Post-harvest storage of most fruits and vegetables requires an atmosphere of high relative humidity to prevent the physiological loss in weight and shrinkage of the crops. For maintaining higher humidity inside the cooling chamber, a Rivulis Irrigation Fogger of the pressure range of 50–70 psi was installed inside the chamber and operated by a diaphragm pump (12 V DC) powered by an electric battery.

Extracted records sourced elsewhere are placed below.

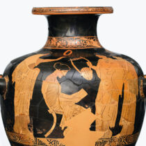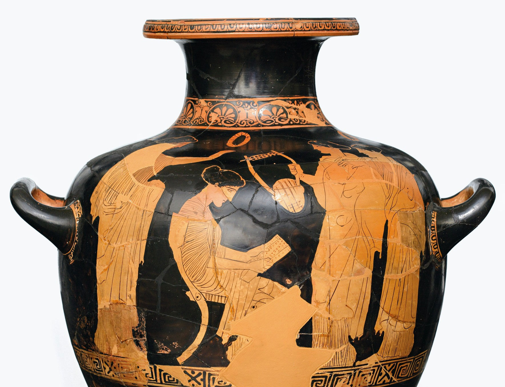 Μια ερυθρόμορφη υδρία (Της Ομάδας του Πολυγνώτου), που προβάλλει το πρότυπο της λόγιας γυναίκας, κλείνει τη σύντομη περιήγησή μας. «Προέρχεται από τη Βάρη της Αττικής και χρονολογείται γύρω στο 440-430 π.Χ. (αίθουσα 55, προθήκη 117) (εικ. 5). Στην παράσταση της κύριας όψης εικονίζεται η Σαπφώ, η μεγάλη λυρική ποιήτρια του 6ου αι. π.Χ. Καθισμένη σε κλισμό διαβάζει από τον κύλινδρο που κρατά στα χέρια της κάποιο ποίημα. Γύρω της εικονίζονται τρεις μαθήτριες. Η Καλλίς της προτείνει τη λύρα και η Νικόπολις τη στεφανώνει. Η γραπτή παράδοση αναφέρει ότι ο Πλάτων αποκαλούσε τη Σαπφώ σοφή και την είχε προσθέσει στην ομάδα των εννέα μουσών ως δέκατη μούσα. Η αποθέωση αυτή οπτικοποιείται και στην αττική υδρία του Εθνικού Αρχαιολογικού Μουσείου με την προσθήκη της λύρας και τη στεφάνωση της μεγάλης ποιήτριας», επισημαίνει η Μ. Λαγογιάννη. Και καταλήγει ως προς το μήνυμα της αρχαίας παράστασης:
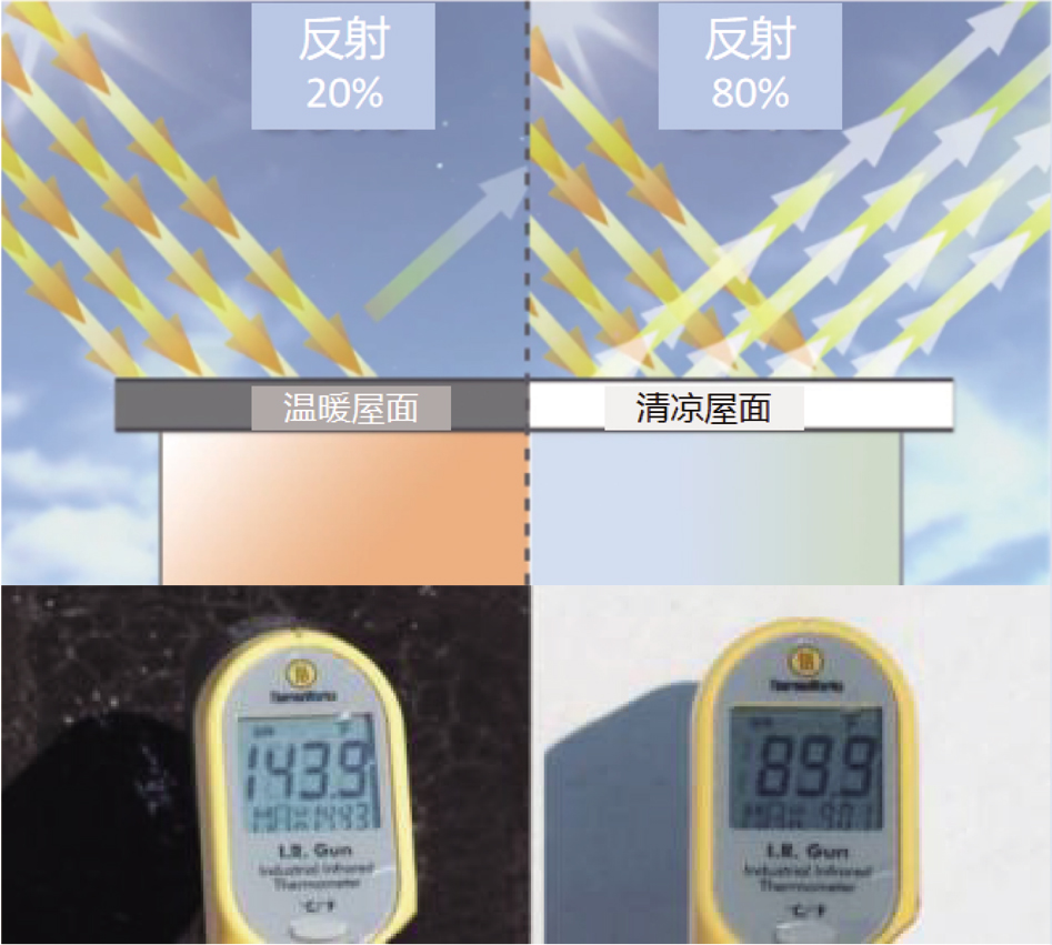 - 清涼屋面用來最大化減少熱吸收,增強屋面耐用性
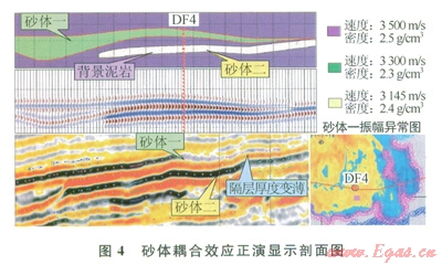 利用正演模型研究隔層厚度對儲層干涉耦合的影響,結(jié)果顯示:當(dāng)隔層厚度低于地震分辨率時,下伏砂體的振幅會隨泥巖隔層的厚度變薄而變??;而當(dāng)泥巖隔層厚度增大到地震分辨率時會對下伏砂體振幅起到增強(qiáng)作用。在不知砂體間實(shí)際受耦合效應(yīng)影響程度的時候,主要采取針對特殊目標(biāo)層的地震正演研究來解決這一影響因素。如圖4所示,砂體邊部振幅逐漸減弱為砂體厚度逐漸減薄與隔層厚度逐漸減薄的綜合影響,所以不能以該區(qū)域較弱振幅否認(rèn)砂體邊緣部位含氣性。同時該研究也顯示,當(dāng)砂體厚度低于5m時,如果泥巖隔層較薄,則頂面反射顯示砂體過早尖滅,造成砂體地震解釋范圍比實(shí)際展布范圍小。所以是砂體間耦合效應(yīng)對地震反射的影響程度主要取決于地震資料分辨率。
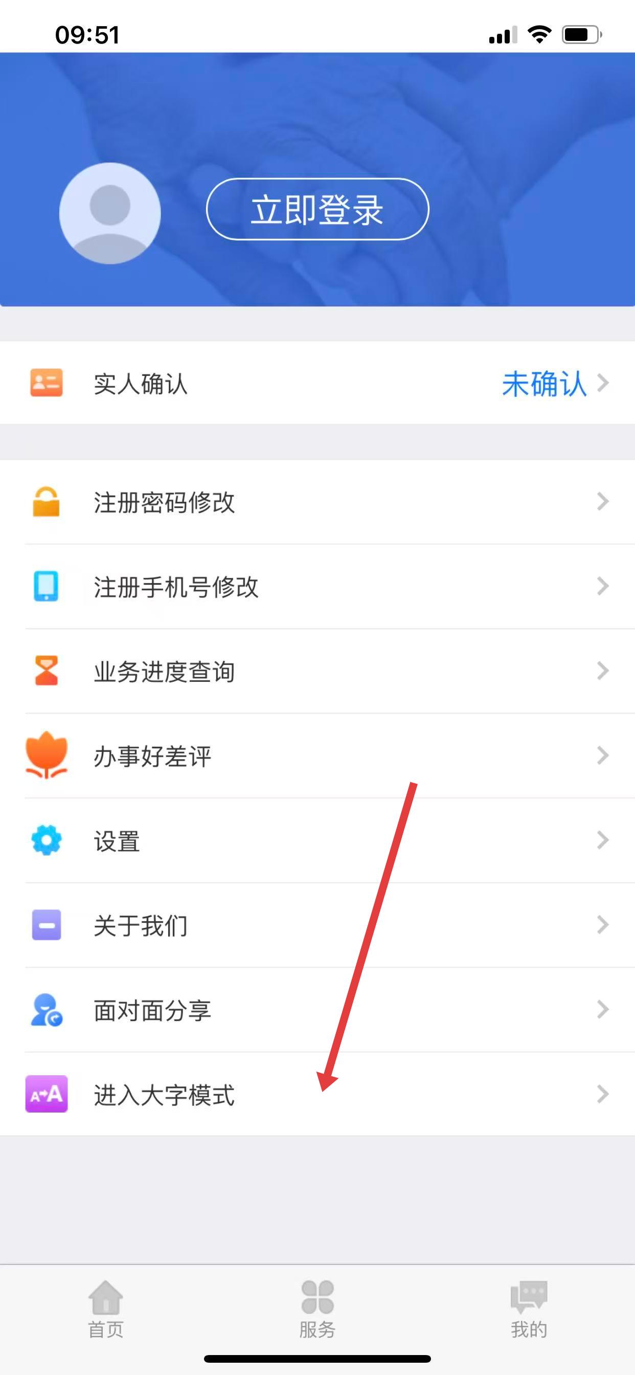 2、在“我的”页面中,找到并点击进入大字模式选项,即可切换到大字模式。
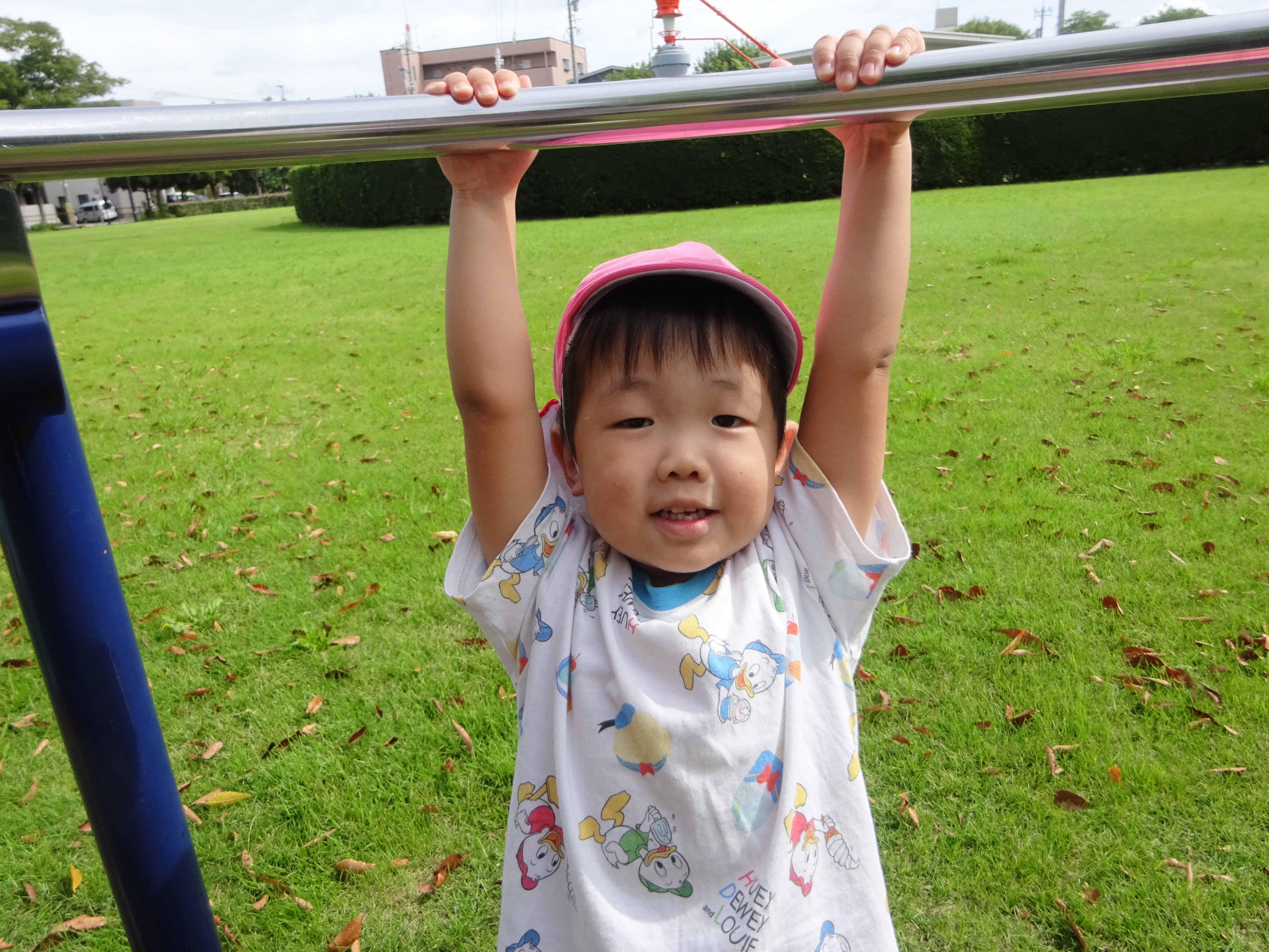 天気がよくて涼しくなったので今日も園庭で遊びました☆ 園庭遊びを満喫していた子どもたち♪ ロープの鉄...
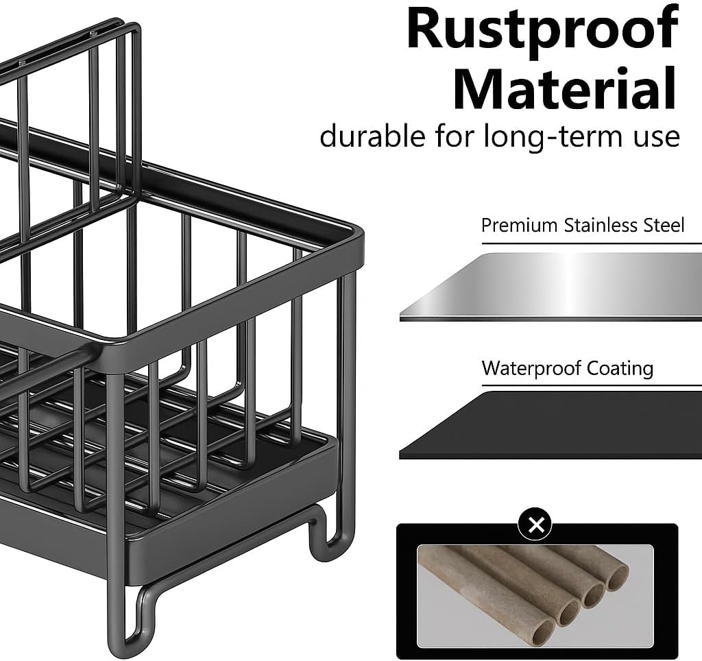 • DURABLE & RUSTPROOF STAINLESS STEEL – Built from premium stainless steel, this sponge caddy for kitchen sinks resists rust and deformation. It’s long-lasting, sturdy, and easy to clean—just rinse under water. A great addition to your kitchen sink accessories and organization.
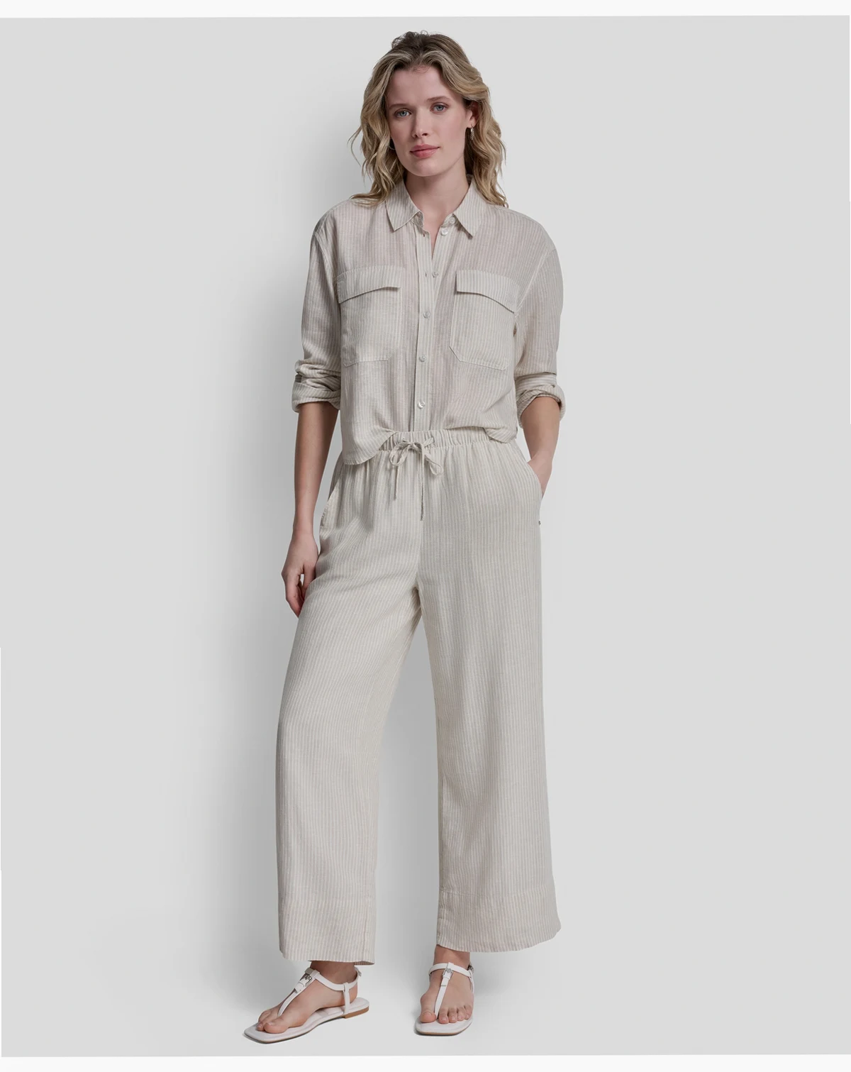Embrace all-day comfort with these DKNY Jeans high-waist pants, designed with a pull-on style. The drawcord-adjusted elastic waistband and front slant pockets offer both convenience and contemporary appeal.
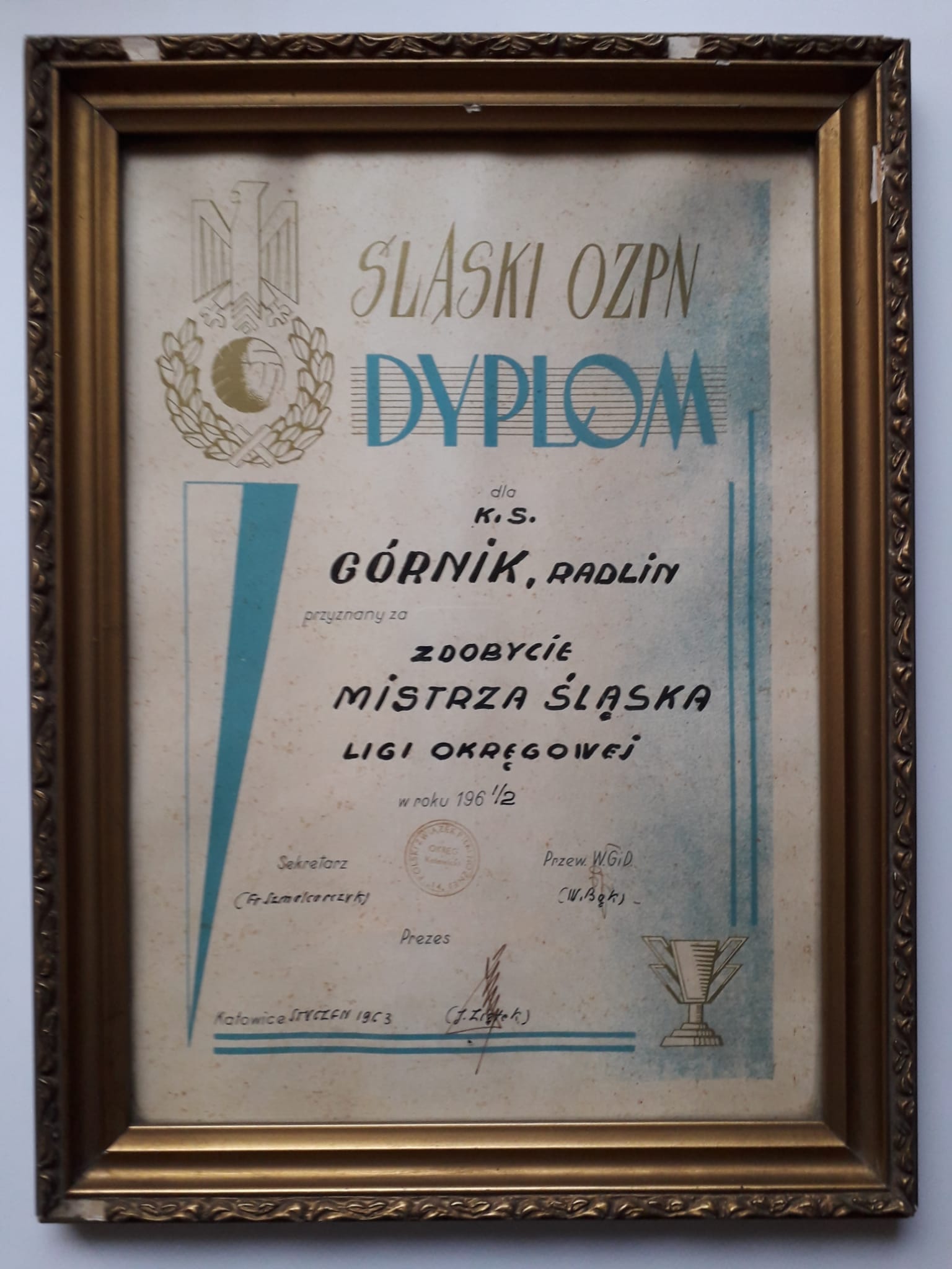 Po tym pełnym dramaturgii meczu pozostał drugi bliźniaczy dyplom, o tej samej szacie graficznej i podpisem m.in Jerzego Ziętka. Lecz już z innym wpisem ,,Za zdobycie Mistrza Śląska..."!
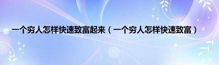 以上就是【一个穷人怎样快速致富起来,一个穷人怎样快速致富】相关内容。
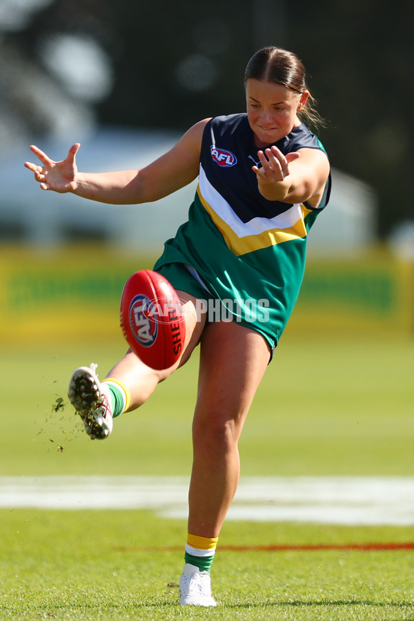 MELBOURNE, AUSTRALIA - SEPTEMBER 02: Jemma Whitington-Charity of Team Schleicher kicks during the AFLW Futures match between Team Harris and Team Schleicher at Kinetic Stadium on September 02, 2023 in Melbourne, Australia. (Photo by Graham Denholm/AFL Photos)
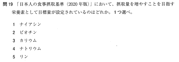 解説: 「日本人の食事摂取基準(2020年版)」において、生活習慣病の予防を目的として「摂取量を増やすことを目指す」目標量が設定されているのはカリウムです 。カリウムはナトリウムの排泄を促し、高血圧の予防に寄与します。逆に、ナトリウムは「摂取量を減らすことを目指す」目標量(食塩相当量として)が設定されています 。

The developed refrigeration system can attain cooling temperature in the range of 15–17 °C and relative humidity of 80–90% when loaded with 12 kg of fruits and vegetables and at an ambient temperature in the range of 35 to 40 °C. The detailed specifications of the developed refrigeration system have been presented in

Table 1. Specifications of the liquid-cooled thermoelectric refrigeration system.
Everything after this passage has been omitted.